# wow there are so many scammers lol



## snow (Apr 21, 2010)

So two days ago I posted up my laptop on c list for $1000. So far I have had two legit emails about the computer and a total of 7 scam emails! That's crazy.
I think they are all from the same guy too as they all have to do with him being in Russia but I have to pay someone in Africa...when will it stop?

_Thanks for your swift response I live at Apt 1028 Bloor St W Toronto,
ON M6H 1M2, I'm really interested in buying this item, I would have
love to meet you and pay with cash or do the shipping myself to know
the present condition on this item but presently am out of state for a
business conference trip held in Russia I need someone I can trust to
help me with the shipping as i am presently in Russia meanwhile I'll
pay you 1300 for the item including shipping and handling fees to my
Co- Worker wife who is studying in West Africa, please if you are OK
with my offer_


----------



## Theratboy_101 (Apr 27, 2010)

ya there are so many... I'm still shocked that they think that could ever work.

I was selling something one time and this guy said it was in the navy and at sea, so he'd have his friend come pay me and pick it up... as long as I got cash in my hand I was ok with it. but then the next day he wanted to send me a cheque for $200 and have me cash it and mail the cash to his friend for gas money and shipping.

after that I blocked his e-mail and sold it to someone else


----------



## kelly528 (Apr 21, 2010)

I think a good chunk of them come out of third-world countries such as Algeria and some african, asian and slavic countries where one (especially people getting income through piracy and illegal activities) can afford cheap computers and set up a scamming operation. Where there is no employment and struggling people have extra time on their hands, there is always the willingness to make an attempt at gaining income by working for a scamming operation.

Of course, few people fall for scams but when you have access to millions of people worldwide via the internet, even the occasional lucky strike of a few hundred USD or some personal info to sell to a larger company can go a long way.


----------



## Nicklfire (Apr 21, 2010)

I was selling my car on craigslist years ago and i ran into the same thing, guy from i think toronto wanted to buy it, was going to send me a certified cheque... which he DID.

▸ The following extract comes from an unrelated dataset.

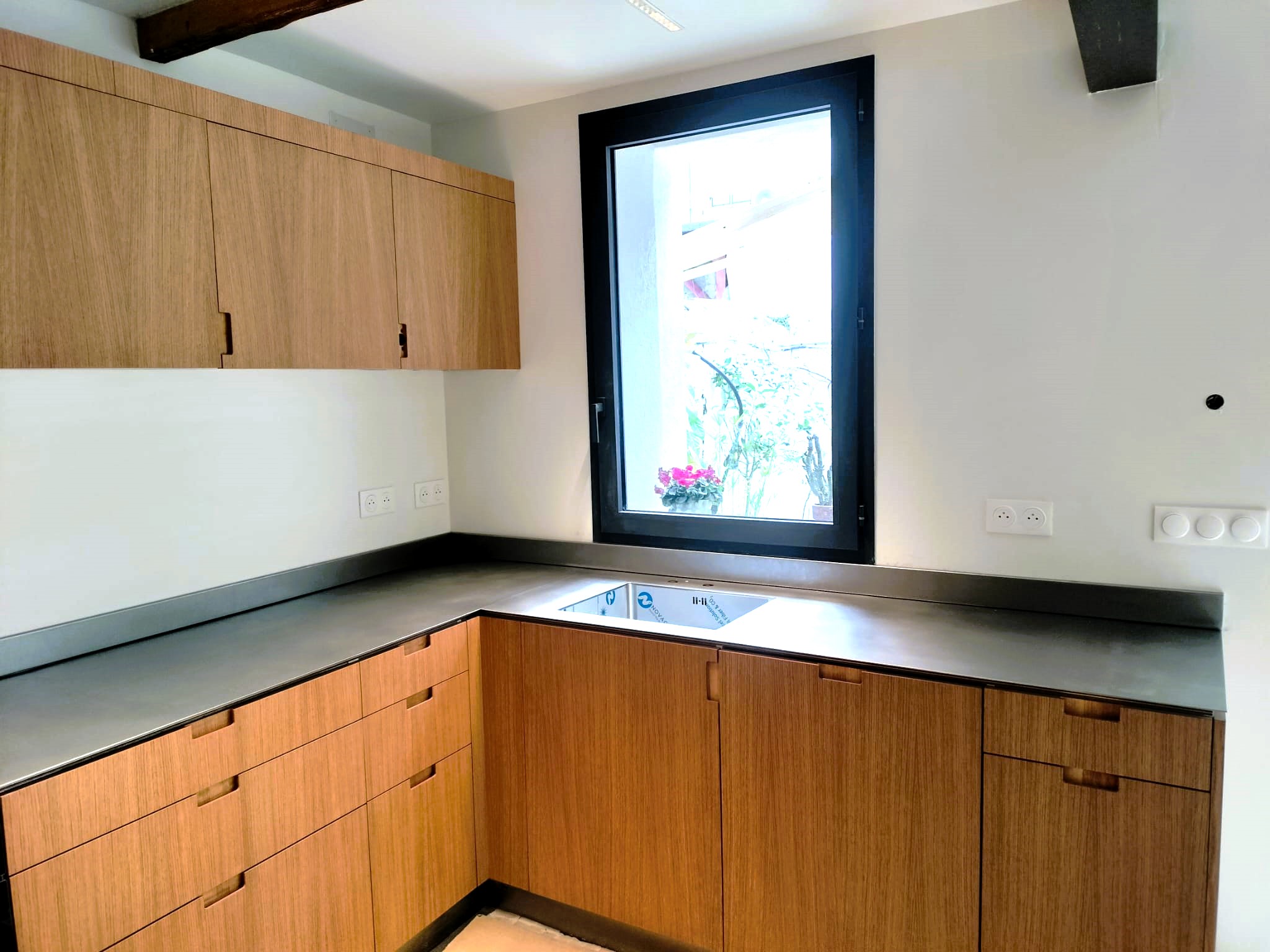 Nous avons réalisé ce plan de travail sur mesure en inox vibré dans la cadre de la rénovation d’une cuisine à Marseille. Ce plan de travail d’une seule pièce est constitué d’une tôle en inox d’épaisseur 5mm avec un retour crédence. Il est collé sur un support en bois.
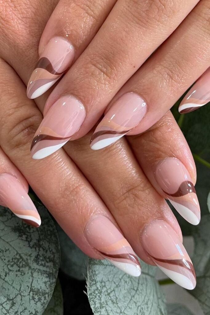 Warm browns and crisp white always pair well on almond nails, and this set keeps the colors layered neatly along the tips so the nude base stays clean.

but he said he was going to send more then i said because he wanted me to ship it to him..

Being very WEARY about the situation i deposited his cheque and asked the bank to put the cheque on hold until it actually cleared.

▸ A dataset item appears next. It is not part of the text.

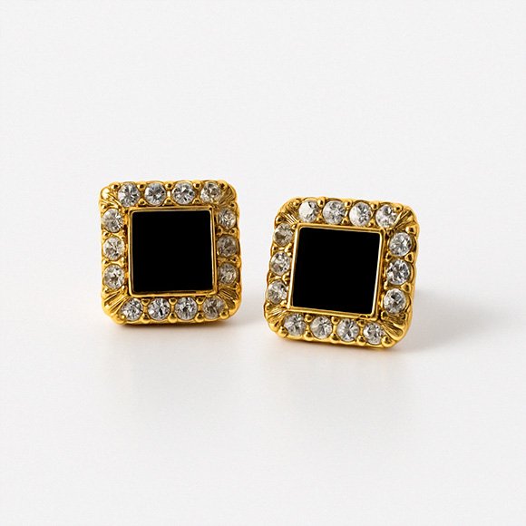 Diseño cuadrado con piedra negra central y contorno de zirconias transparentes. El laminado aporta un acabado pulido que intensifica el contraste visual. Ideal para quienes buscan un accesorio con carácter y elegancia estructurada.
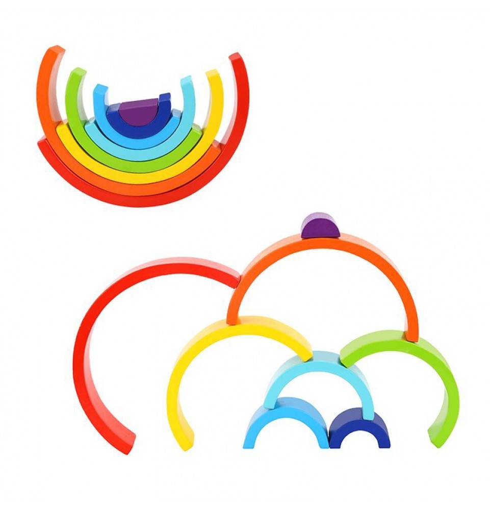 Medinė vaivorykštė iš TOOKY TOY tikrai sužadins jūsų vaiko vaizduotę! Vaikai gali išdėlioti jas į vaivorykštę ir atrasti spalvų tvarką. Šios spalvingos medinės arkos siūlo daug daugiau galimybių, nei gali pasirodyti iš pirmo žvilgsnio. Vaikai gali iš jų sukurti spalvingą tunelį arba sudėlioti jas įvairiais būdais, kad sukurtų išradingus bokštus. Galiausiai, tai, kuo taps vaivorykštė, priklauso tik nuo vaiko kūrybiškumo. Šis žaislas lavins rankų miklumą, kūrybiškumą ir vaizduotę bei gerins susikaupimą. Vaikams patiks vaivorykštė ir jos teikiamos galimybės.

5 days later the bank phoned and said it was a fake and then the cops got involved..

I'll never deal with anyone that's not willing to come and meet me now.


----------



## Adz1 (Apr 21, 2010)

funniest part about scams like this is that some people do get caught up in them ...


----------



## rescuepenguin (Apr 21, 2010)

A few years back I read a report written by a journalist who had walked into an Internet cafe in Nigeria. He interviewed some scammers in there. They told him that if someone fell for the scam, then they saw it as legitimate income. It should be noted that, that type of activity is illegal in Nigeria, but due to lack of enforcement they were free to carry out their activities. They were also asked about which nationalities fell for their scams the most. They replied "Americans, because they are the greediest". They also stated that they rarely sucker Canadians. If you think about it, most scams (including investment scams) play on someone's greed.

Steve


----------



## summit (Aug 22, 2010)

These kind of scams are successful by numbers, lets say 1 out of 10,000 people would fall for this, if this scam is sent to 100,000 people that would give you a 10 people that would be targets. Its basically a full time job for them, sit around copy and pasting the message to as many ads as they can to find someone vulnerable enough to fall for it. 

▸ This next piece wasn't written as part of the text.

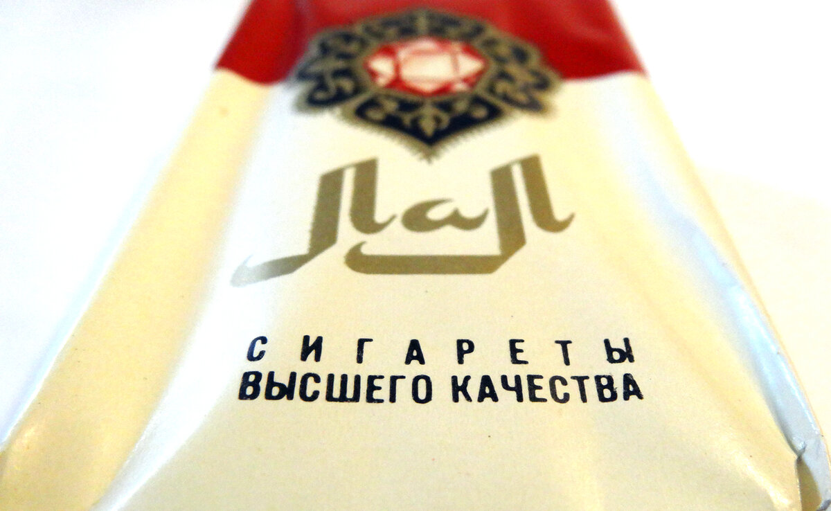 Эти сигареты выпускались с начала 1970-х, на Таджикистанской табачной фабрике, в городе Душанбе. Мнимая особенность - сигареты до 1980 г. маркировались как "высшее качество", а после 1980-х - "4 класс", низший в сигаретах с фильтром, если мне память не изменяет. Всё дело в "мягкости" ГОСТа до 1981 года, когда многие сигареты не заслуженно именовались "высшим качеством". За почти десятилетие (хотя мне не известна дата прекращения выпуска бренда) изменилась цена - "высшее качество" стоило 30 коп., а "4 класс" стоил уже 40 копеек. В моём распоряжении оказалась пачка "высшего качества", производства до 1980 года. Пачка мягкая, красно-белая, где как раз на границе основных цветов, располагается рисунок камня в оправе. За эти десять с лишним лет "Лал" имел добрый десяток вариантов оформления пачки. Однако, присутствовал один практически неизменный элемент дизайна - кроваво-красный камень, похожий на рубин. Это действительно драгоценный камень, жемчужина Памира, самый почитаемый камень на мус

There are still people falling for the whole "my deceased father has left 345,345,645,136 dollars in a foreign bank account and I need your help to get it!" bit. Even if they get $100 from you, its probably a years salary where the scam originates, and with little employment as alternatives it will continue to happen with slightly different variants unfortunately.

Never ship anything to anyone without the cold hard cash first, unfortunately thats what it comes to.


----------



## davefrombc (Apr 21, 2010)

I got a call from the bank today .. Called the bank back after telling original caller to ahem.. attempt the impossible for normal people . Turned out call was legit and I didn't let the guy finish .. LOL.. 
Somehow my Visa number was compromised in some data base breach and someone put a 29 cent charge on it to see if it was active ..... in Queensland, Australia .....Then someone called the Visa centre trying to get the billing address changed to hide their activity .. It didn't work .. Guy at the bank said the low initial charge was just to see if an account was active before trying to milk it with big charges..... and changing billing address lets them hide their activity for a month or so... What stopped them ?.. The 3 digit pin on the back isn't recorded in data bases. If they had had that the scam might have worked .. Be very careful where you use your cards , and never give that security check pin unless it is to a legit business you phoned; never in response to a call you get from someone "checking security".
Op in Visa centre actually thanked me for telling their OP who called me to ... .ahem .... lol.. Had I listened to all his message , I would have been told to call Visa back at their number listed on their card, not at a number someone gives you on the phone.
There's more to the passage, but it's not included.